PROMPT> Your answer should be the lines from the one with "m3 Metallschrott zusammen!" to the end of the data below, both included, exact and free of pictures.

DATASET SECTION>
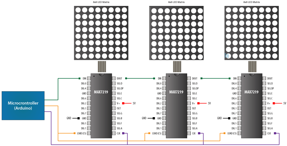 I 64 LED sono pilotati tutti dai 16 pin di uscita dell’IC. Come è possibile? Ebbene, il numero massimo di LED che si accendono contemporaneamente è in realtà otto. I LED sono disposti come un insieme di righe e colonne 8 × 8. Il drive MAX7219 si attiva per ogni colonna solo per un periodo di tempo molto breve e allo stesso tempo accende in sequenza tutte le righe. Grazie all’effetto di permanenza delle luce sulla retina, i nostri occhi noteranno solamente una luce continua.
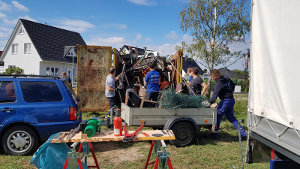 „Die Kinder möchten gern mal einen Ausflug zur Kartbahn machen. Da wir dafür nicht die nötigen Mittel haben, mussten wir eben erst einmal etwas dafür tun“, erzählt Sabrina Markart, Jugendwartin der FFw Mönchhagen. Das taten sie dann auch am 7. Mai und liefen bei beinah hochsommerlichem Wetter ab 10 Uhr durch das Dorf, um die zahlreich am Straßenrand abgestellten „Schrotthaufen“ einzusammeln. Es kamen mehr als 35 m3 Metallschrott zusammen!
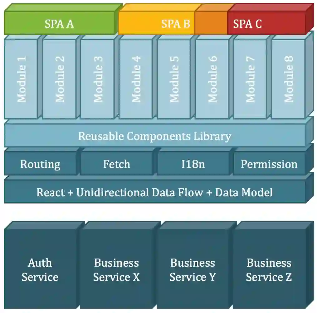 针对以上目标,我们选择 React 作为新前端核心技术,以 ES6 作为开发语言,利用 Webpack 和 Babel 进行编译打包。以 Mocha 全家桶加 Enzyme 作为单元测试框架保证组件质量。每个业务模块均开发、打包并发布为一个独立的 SPA(Single Page Application,单页应用),多个模块 SPA 之间,除了以统一的 SSO 服务保证用户认证外,并无更多的耦合,这一点保证了多个业务模块团队的工作不会互相制约。

RESULT>
 „Die Kinder möchten gern mal einen Ausflug zur Kartbahn machen. Da wir dafür nicht die nötigen Mittel haben, mussten wir eben erst einmal etwas dafür tun“, erzählt Sabrina Markart, Jugendwartin der FFw Mönchhagen. Das taten sie dann auch am 7. Mai und liefen bei beinah hochsommerlichem Wetter ab 10 Uhr durch das Dorf, um die zahlreich am Straßenrand abgestellten „Schrotthaufen“ einzusammeln. Es kamen mehr als 35 m3 Metallschrott zusammen!
 针对以上目标,我们选择 React 作为新前端核心技术,以 ES6 作为开发语言,利用 Webpack 和 Babel 进行编译打包。以 Mocha 全家桶加 Enzyme 作为单元测试框架保证组件质量。每个业务模块均开发、打包并发布为一个独立的 SPA(Single Page Application,单页应用),多个模块 SPA 之间,除了以统一的 SSO 服务保证用户认证外,并无更多的耦合,这一点保证了多个业务模块团队的工作不会互相制约。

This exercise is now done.